Low-energy antinuclei in cosmic rays are considered a promising probe for indirect dark matter searches. Some dark matter candidates, such as the Weakly Interacting Massive Particles (WIMPs), are expected to annihilate in our galaxy and produce light antinuclei and other particles, which can be observed as cosmic rays at Earth. However, antinuclei can also be produced in ordinary cosmic ray collisions with interstellar gas particles. Thus, precise modelling of signal and background cosmic ray fluxes is required in order to draw conclusions from future measurements of cosmic ray antinuclei.

The ALICE Collaboration at the LHC recently made the first measurement of the momentum-dependent inelastic cross section of antihelium-3 nuclei on matter, employing the ALICE detector material as a target. The obtained inelastic cross sections have been implemented in the GALPROP propagation model to estimate the losses of antihelium-3 nuclei in the galaxy due to inelastic interactions with the interstellar medium. 
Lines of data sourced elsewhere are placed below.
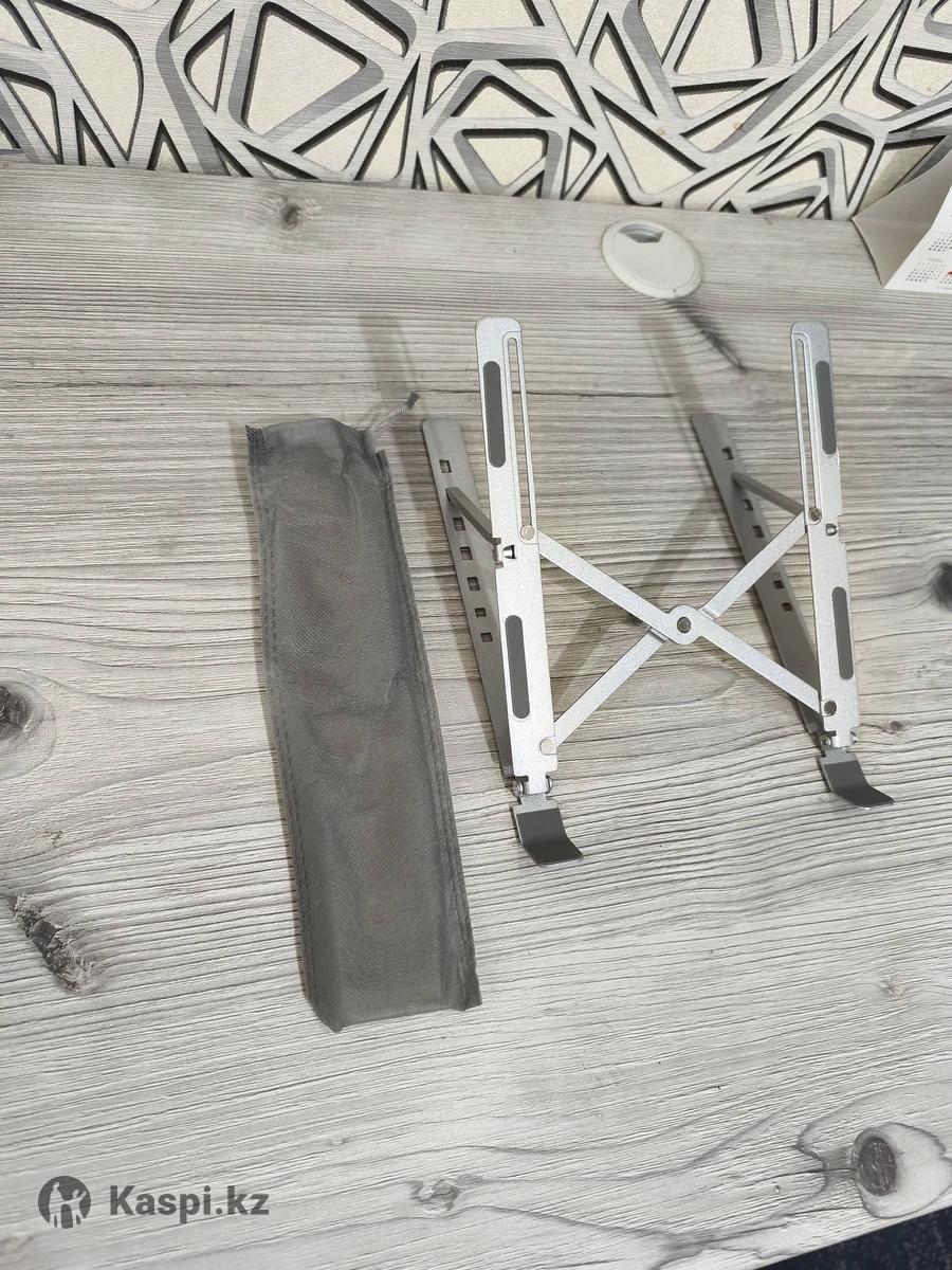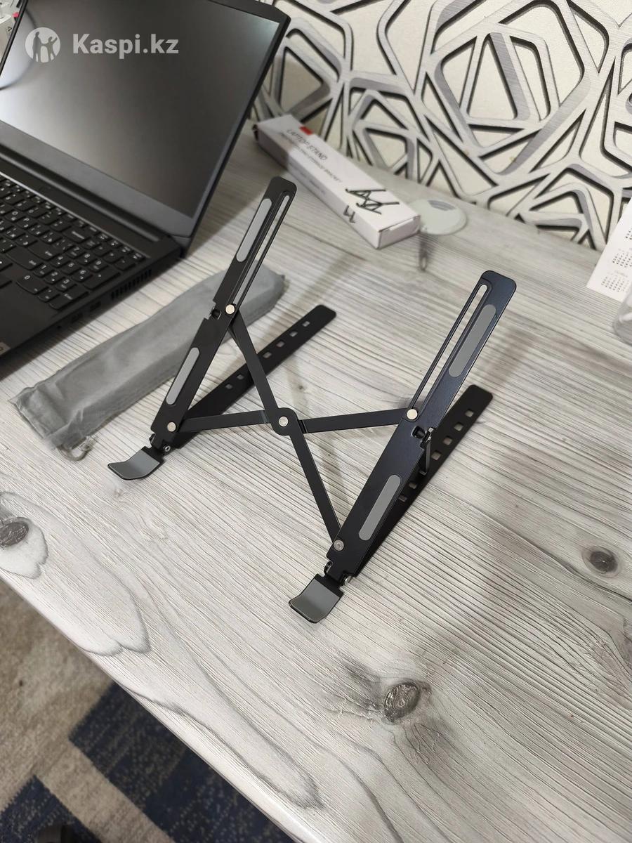 Подставкада для ноутбука, металлическая, складная, удобная, выдерживает вес до 20 кг, рекомендуем для ноутбуков до 18 дюймов экраном. Подставка улушчает охлаждение ноутбука, помогает вам держать осанку засчет наклона, имеет 7 положений от 20-60 градусов.
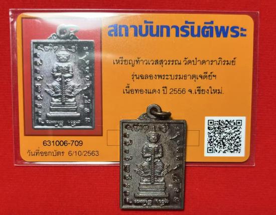 เคาะเดียวแดง เหรียญท้าวเวสสุวรรณ วัดป่าดาราภิรมย์ รุ่นฉลองพระบรมธาตุเจดีย์ฯ เนื้อทองแดง ปี 2556 จ.เชียงใหม่.
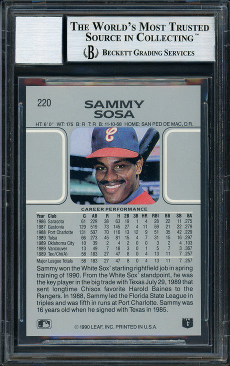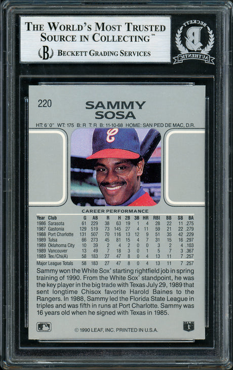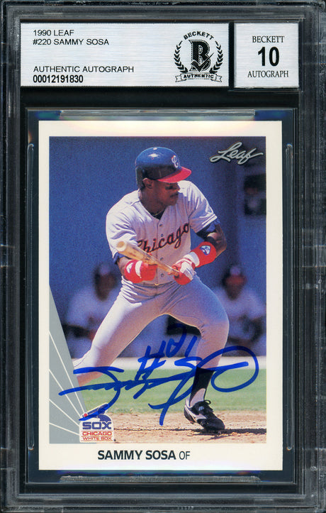 Sammy Sosa Autographed 1990 Leaf Rookie Card #220 Chicago White Sox Beckett BAS Stock #177672
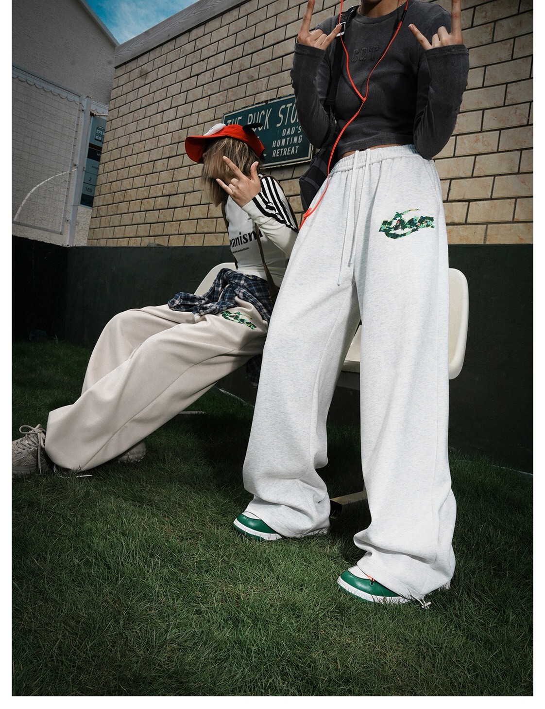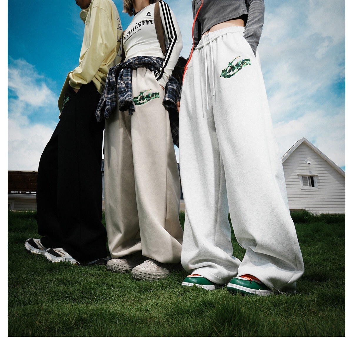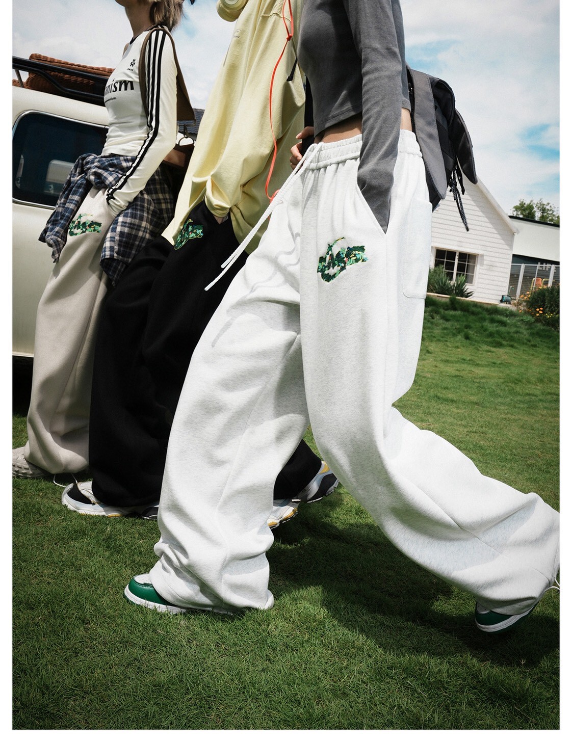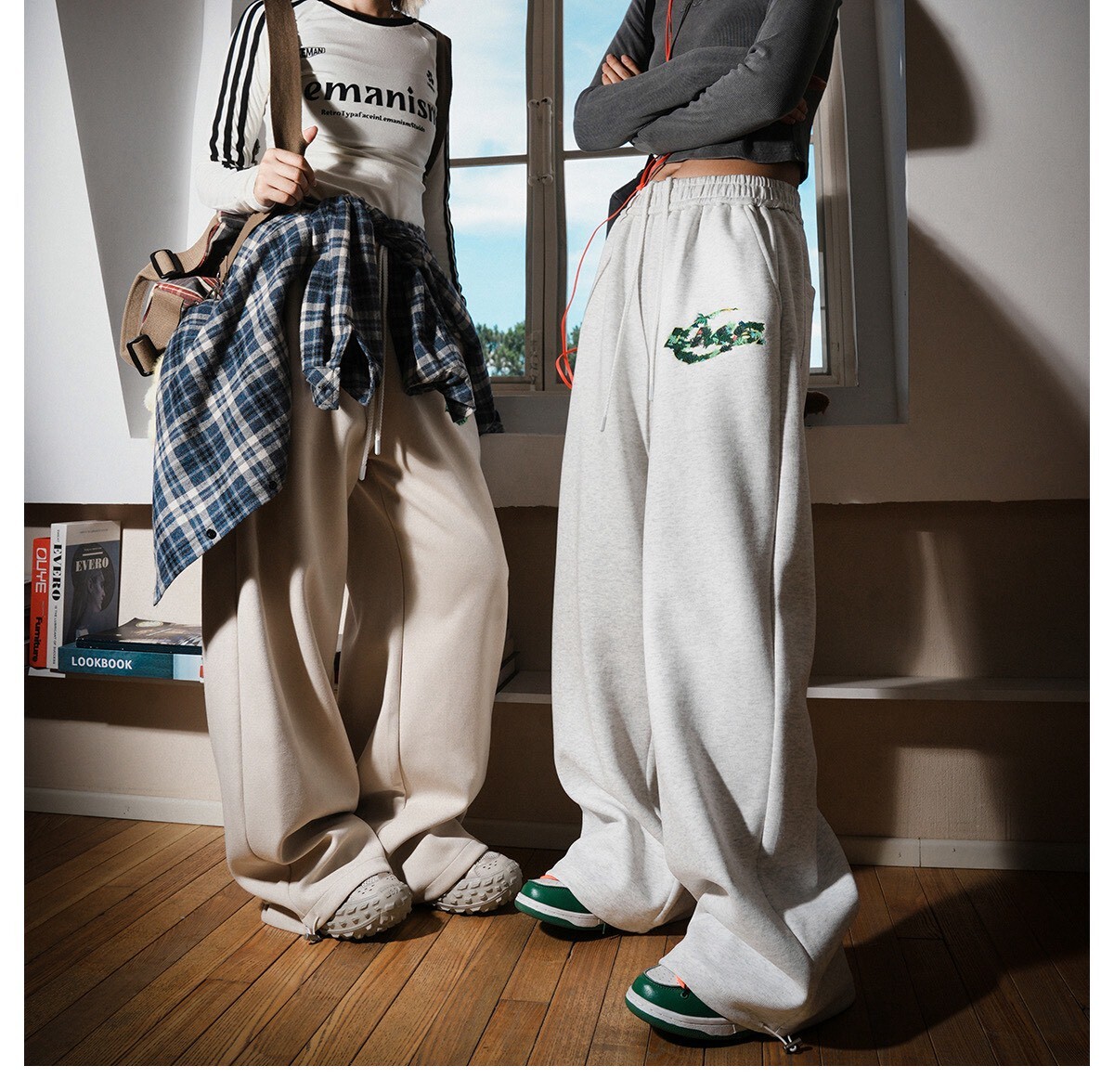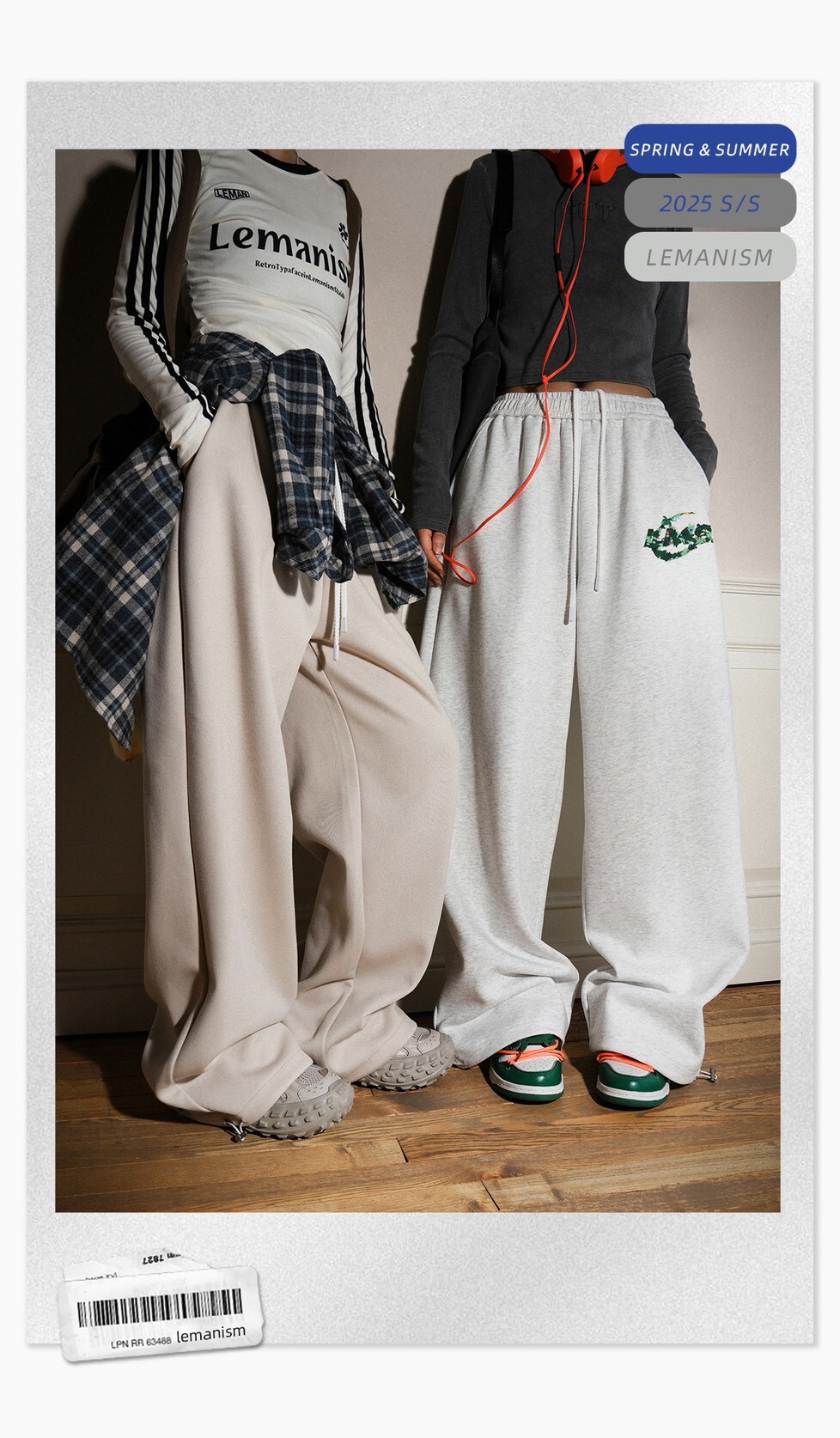 LEMANISM 美式字母刺繡 寬鬆棉褲

We will present the antihelium-3 cross-section measurement and the resulting transparency of our galaxy to the propagation of antihelium-3 from dark matter annihilation and ordinary cosmic-ray collisions. These results enable the first experimental uncertainties from inelastic losses on the antinuclei flux, and confirm that antihelium-3 nuclei are indeed a promising probe for new physics, such as indirect dark matter searches.